C. Registered and Used in Bad Faith
According to the Policy, paragraph 4(a)(iii), Complainant must prove that the contested domain name has been registered and is being used in bad faith. Paragraph 4(b) of the Policy lists, by way of example, circumstances that, in particular, but without limitation, shall be evidence of the registration and use of a domain name in bad faith if found by the Panel to be present.
As noted above, the Lanson surname is not a very common one. Not only was it very far down on the list of surnames, but also Respondent concedes that it “did not attract paying subscribers.” These facts support an inference that <lanson.com> may have been registered for reasons other than the fact that it is a surname.

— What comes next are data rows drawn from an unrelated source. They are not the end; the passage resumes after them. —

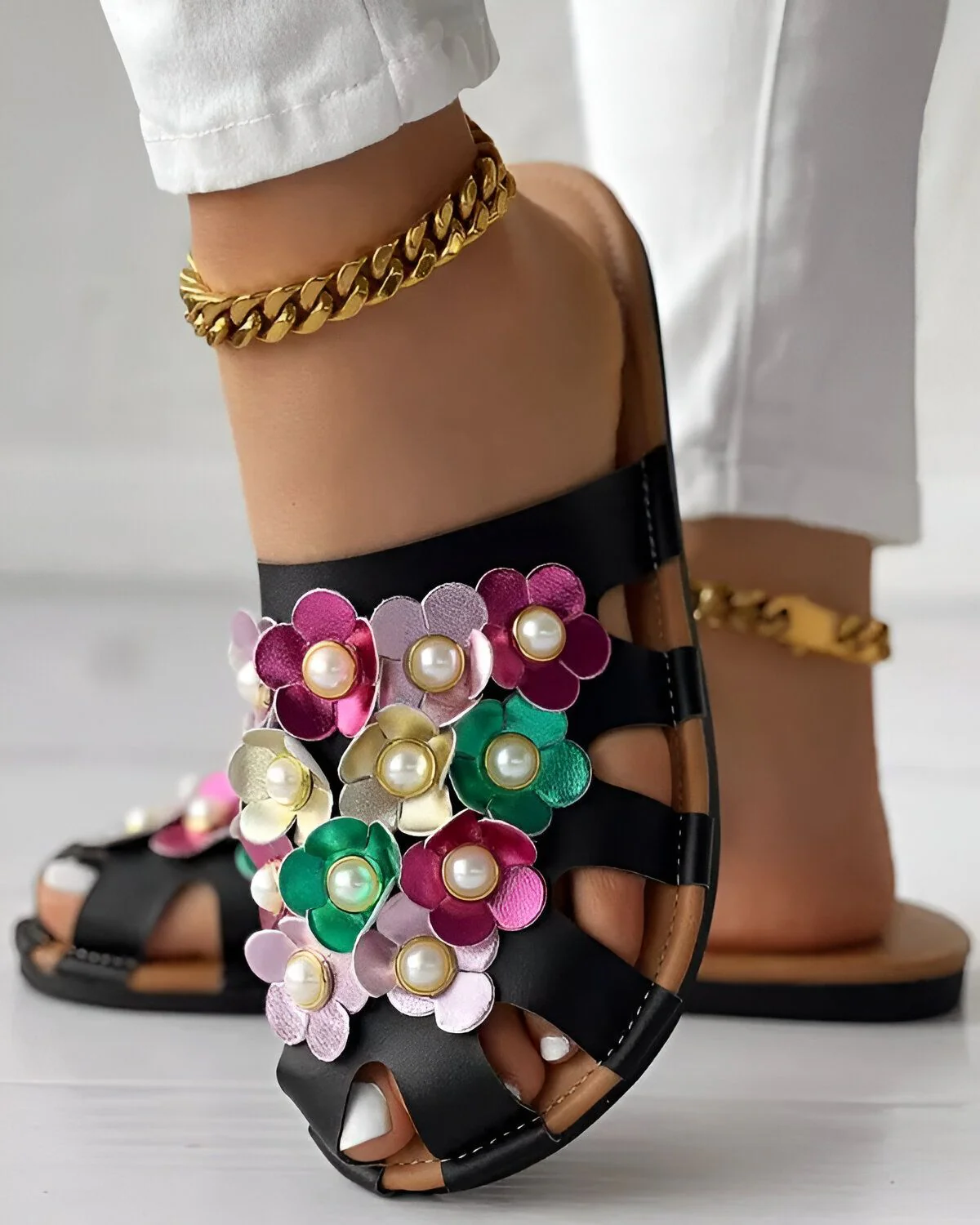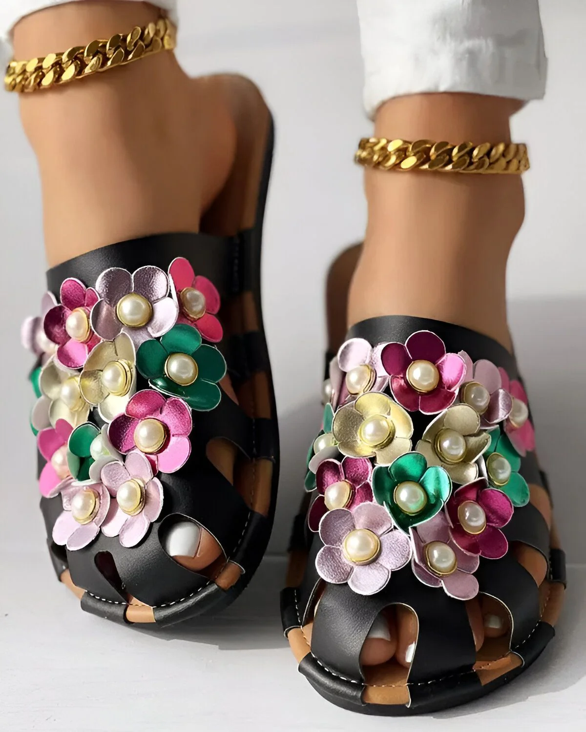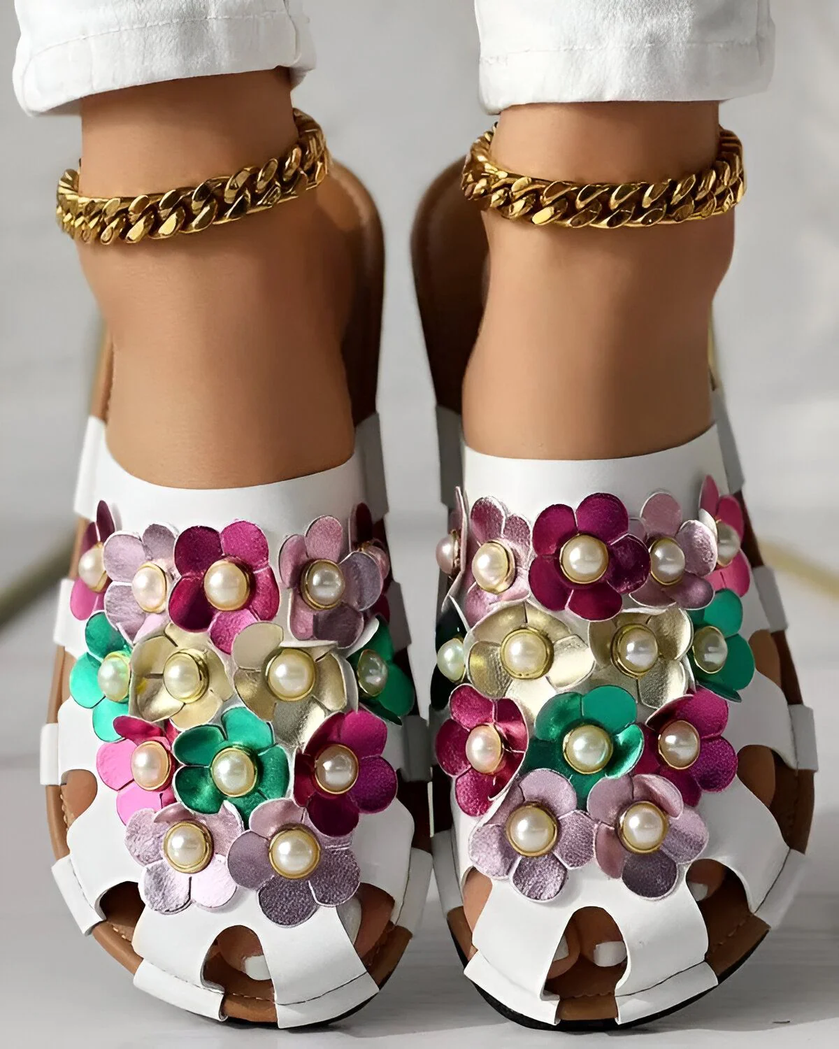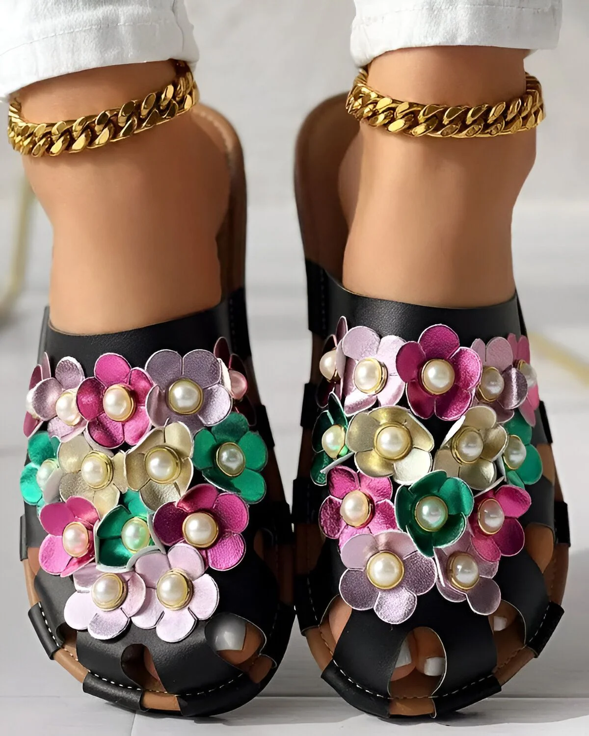 Ces pantoufles à motif floral ajoutent une touche sophistiquée à votre tenue grâce à leur design floral délicat et leurs perles ajourées qui captent la lumière avec grâce. Chaque détail est pensé pour mettre en valeur votre style personnel, offrant une esthétique à la fois subtile et raffinée.
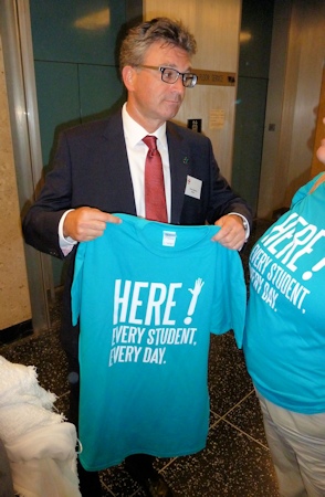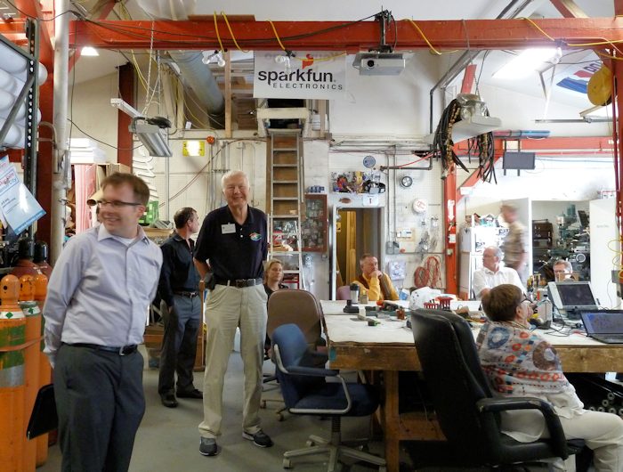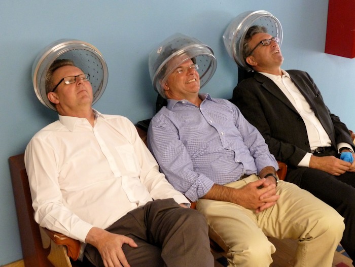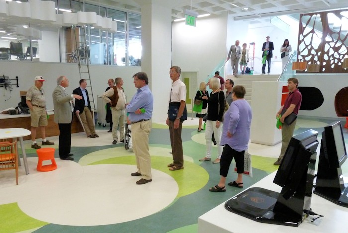 Waiting for access while the freshly washed floor in the Children's Museum dried up. To the left is Freiburg's international relations expert Petra Heß, and to the right stands Municipal Councilor Michael Moos. In the back to the left of Toni Schlegel smiles Steve Cover, Head of Madison City Planning.
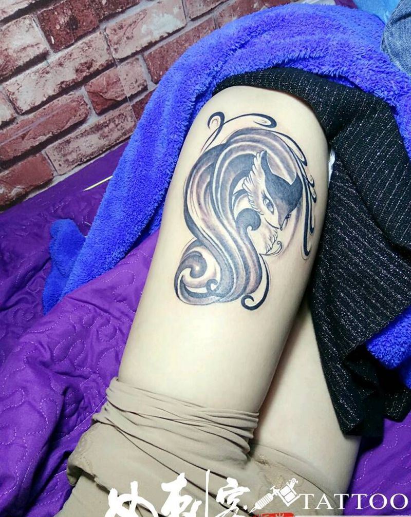 妖娆纹身图片_腿部清新动物成品纹身图案

Respondent’s or its parent’s use of the domain name to allow advertising that links to Complainant’s competitors not only constitutes bad faith use, but also further supports the inference that the contested domain name was registered for reasons other than solely offering a vanity email service. Further evidence of bad faith use is that Respondent allowed pop-ups containing additional advertising on said website.
Finally, Complainant has submitted evidence that Respondent has allowed similar advertising on other websites linked to domain names that allegedly were registered because they were surnames but also happen to constitute well-known marks. As with the case of <lanson.com>, the advertising on those other websites relates primarily to the trademark value of the name, and not to the surname value. This evidence shows that Respondent has engaged in a pattern of registering domain names consisting of trademarks and then profiting from the advertising on the sites to which the domain names resolve. In each case, Respondent’s conduct prevents the trademark holder from registering the domain name corresponding to its mark.
Respondent defends its conduct by arguing that it was not aware of Complainant’s rights when registering the domain name. Even if true, on the facts of this case, that contention is not sufficient to avoid a finding of bad faith.
The Panel does agree with Respondent that knowledge
of Complainant’s trademark cannot be shown through constructive notice.
That aspect of U.S. law relates to whether a particular use constitutes trademark
infringement, not to the more specific finding required by the Policy that a
domain name was registered and used in bad faith. Nevertheless, even if Respondent
did not actually know of Complainant’s mark, it cannot avoid a finding
of bad faith registration if it shielded its eyes with wilful blindness. See
Mobile Communication Service Inc. v. WebReg, RN, WIPO
Case No. D2005-1304. That is particularly true when the mark at issue is
as famous and well-known as LANSON. Furthermore, the fact that the domain name
was used for a web page that contained commercial hypertext links to other entities
including links to Complainant’s competitors and/or their products shows
that Respondent should have been aware of Complainant’s rights. See Lo
Monaco Hogar S. L. v MailPlanet.com, Inc., WIPO
Case No. D2005-0896.
Under these circumstances, the Panel finds that Complainant has satisfied its burden of proof that the contested domain name was registered and is being used in bad faith.
Consequently the requirement of the Policy paragraph 4(a)(iii)
For all the foregoing reasons, in accordance with paragraphs 4(i) of the Policy and 15 of the Rules, the Panel orders that the domain name, <lanson.com> be transferred to Complainant.